Yes, there have been a number of attempts here on the forum to discuss an high available (HA) setup here on the forum e.g.:

When doing a search here on the forum then you’ll find more, but you’ll also notice that the majority of these topics don’t provide a solution. Also in my opinion the vibe in these topics isn’t always very positive to the idea of building a high available setup.

I agree with the RPI is not the ideal platform for openHAB, but don’t tell Markus because according to him RPIs are the holy grail and ZRAM is the solution for everything. Give it a little time and the XY problem will make it’s appearance in this thread as well

mstormi · August 20, 2020, 7:30pm

I never claimed that so why are you digging at me ?

NilsOF · August 21, 2020, 10:48am

redundant failover is cool, but it will get complicated very fast.
And it will be a beast to keep upto date and running/tested.

I would go for remote access and a more or less scripted and manual aproach.
If high avialibility is needed, you need remote access anyway.

Rpi4 is cheap and now with boot from SSD it will be more robust.

mdnx · August 26, 2020, 10:53pm

Hej @Mark111 - I faced the same challenge: my openhab on a rpi stalled from time to time. The effect could be, that only openhab stalled or the whole rpi was unresponsive. The later let me stay away from the above mentioned watchdog solution. Overall I could neither find a clear cause nor an underlying pattern for the crashes. I assume, that a better rpi and specialist knowledge of linux and the internals of my Openhab installation would be good to have to get the system more stable - however at the moment I have neither time nor nerves for any of this )

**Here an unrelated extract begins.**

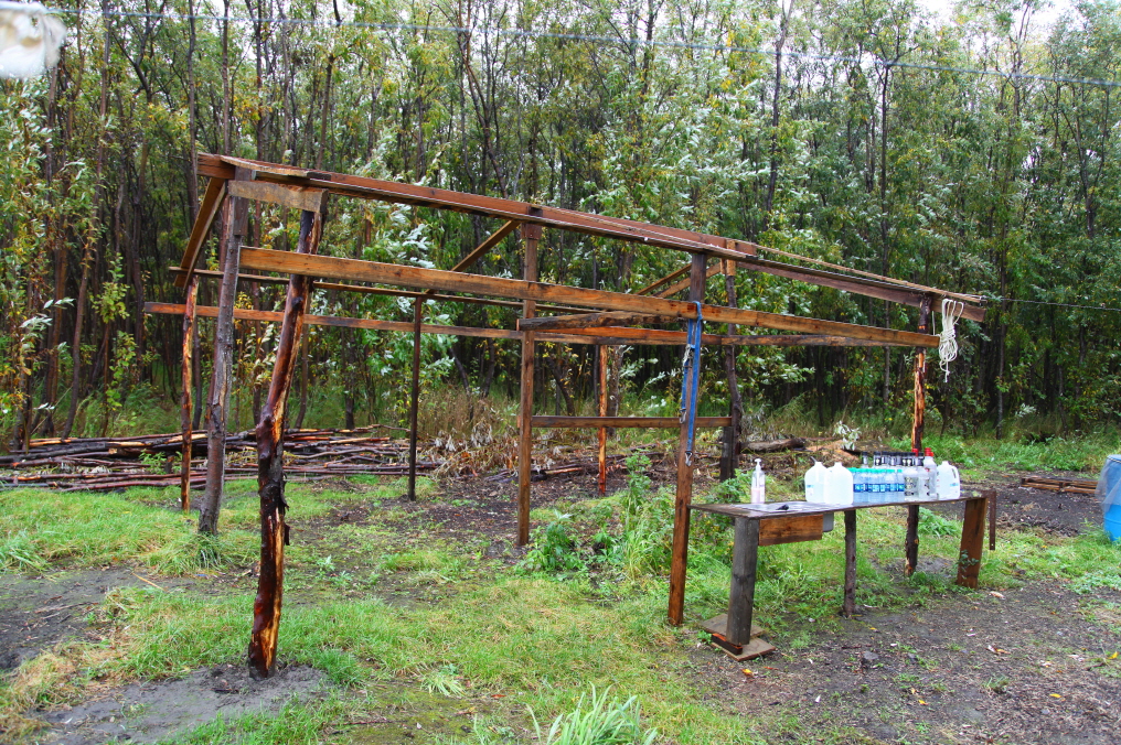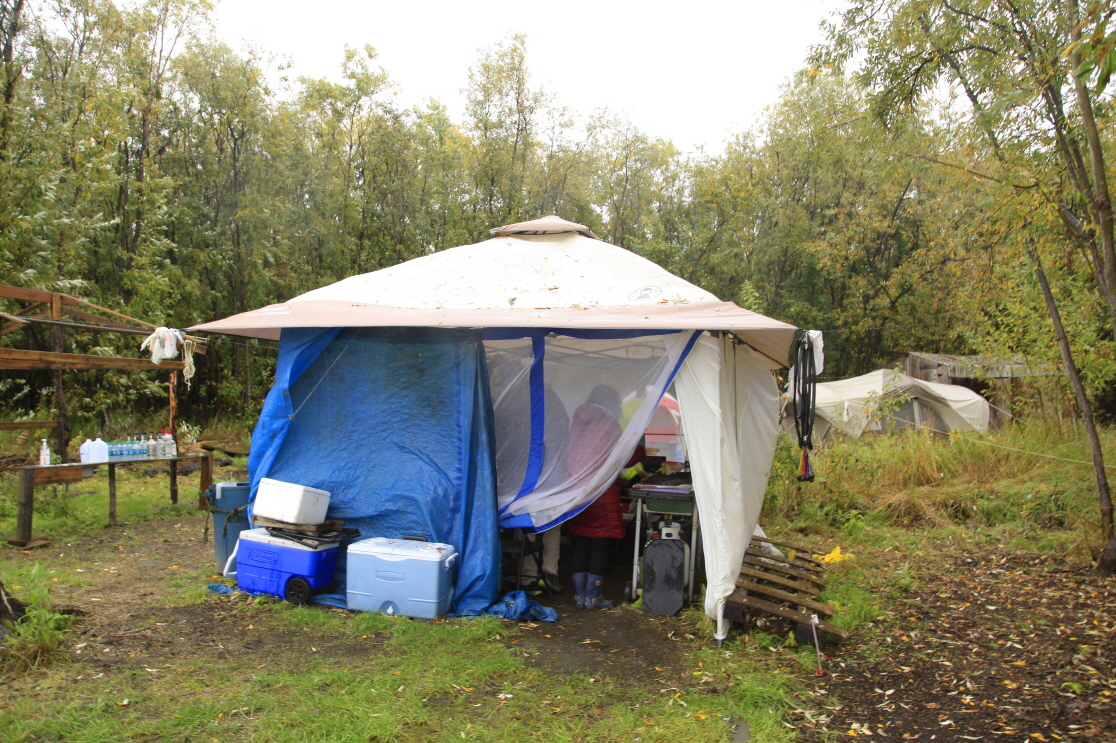 Fish Camp에 자리를 잡고 연어를 손질해 말려서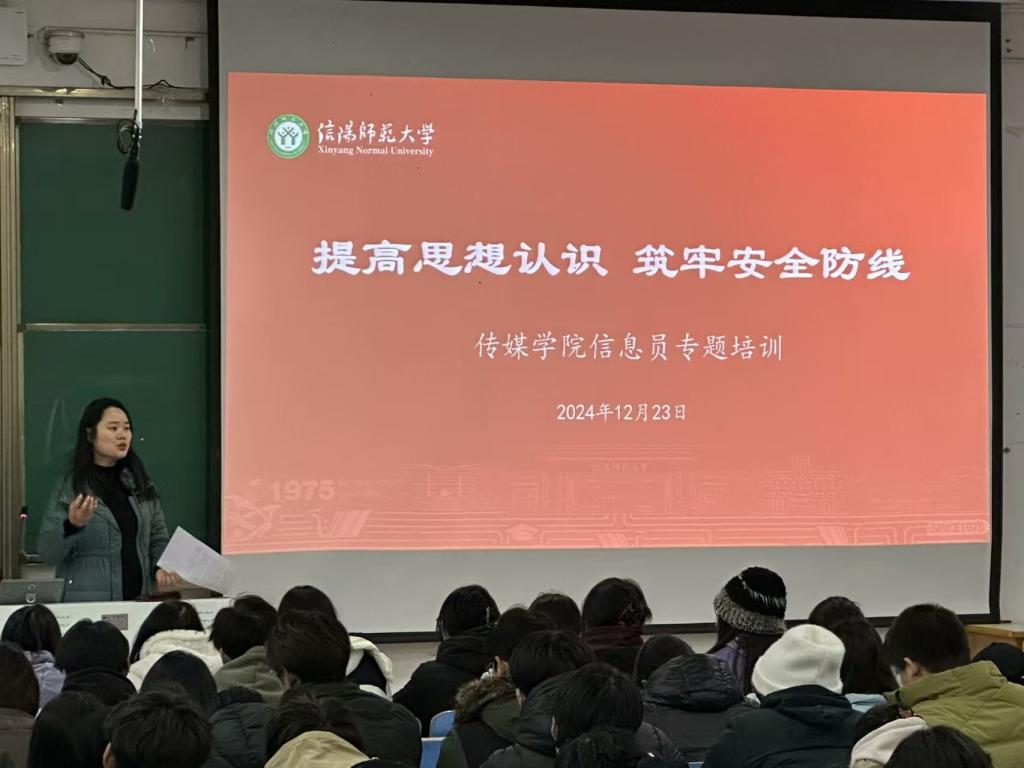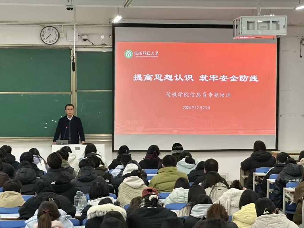 12月23日,kaiyun官方网站登录入口在社科楼324教室开展“提高思想认识,筑牢安全防线”信息员专题培训会。kaiyun官方网站登录入口党委书记姚新春,副书记余艳楷,kaiyun官方网站登录入口分团委、学生会干部,新媒体、学生社团负责人及各班信息员、宿舍信息员参加。

my failover solution uses a second rpi (OH2) with openhab to monitor the first openhab (OH1). OH2 has only some scripts and openCV stuff running and turned out to be super stable. OH1 has all zwave, logging, influxDb, grafana etc running - and crashes quite regularly. One could as well imagine a setup, where both rpi monitor each other.
As OH2 has a flask server running, which hosts some JSON files, I use this setup to have a OpenHAB rule on OH1 to write every 60sec to this JSON file via a simple http command. OH2 has a Openhab rule running, which checks, whether the value on JSON is updated regularly. If a threshold in time is exceeded OH2 sends a command to a hue plug, which cuts the power for OH1 - causing this to reboot.
This type of reboot might be harsh - however it is do far effective in all my “crash” cases on OH1. I found additionally, that a hue bridge can be addressed from many OpenHab installations, which reduces costs, as my home system is allready having a hue bridge controled by OH1 allready.

In the failover system I have build in some monitor capabilities and can see, that my OH1 is rebooted on a regular basis (unfortunately) - however so far it always rebooted and my “Smart” Home system stayed afloat, even, when I was traveling for several weeks in a row, without me having to intervene from afar via VPN.
Tell if you need more info or scripts for this setup

mstormi · August 27, 2020, 10:33am

These statements are somewhat orthogonal to the original failover discussion and provide a dangerous twist. Why ?
Any single system has to be stable all by itself so if yours isn’t invest time into investigation why it is not.
You must not deploy a failover system to solve instability problems - that’s not solving anything, just hiding problems for some time until these surface again (and they WILL surface)…
There’s lots of things that can go very badly wrong if you keep running instable standalone systems. The failover detection and execution mechanism may fail, configuration sync may go wrong and many more hard to find issues will be waiting for you then.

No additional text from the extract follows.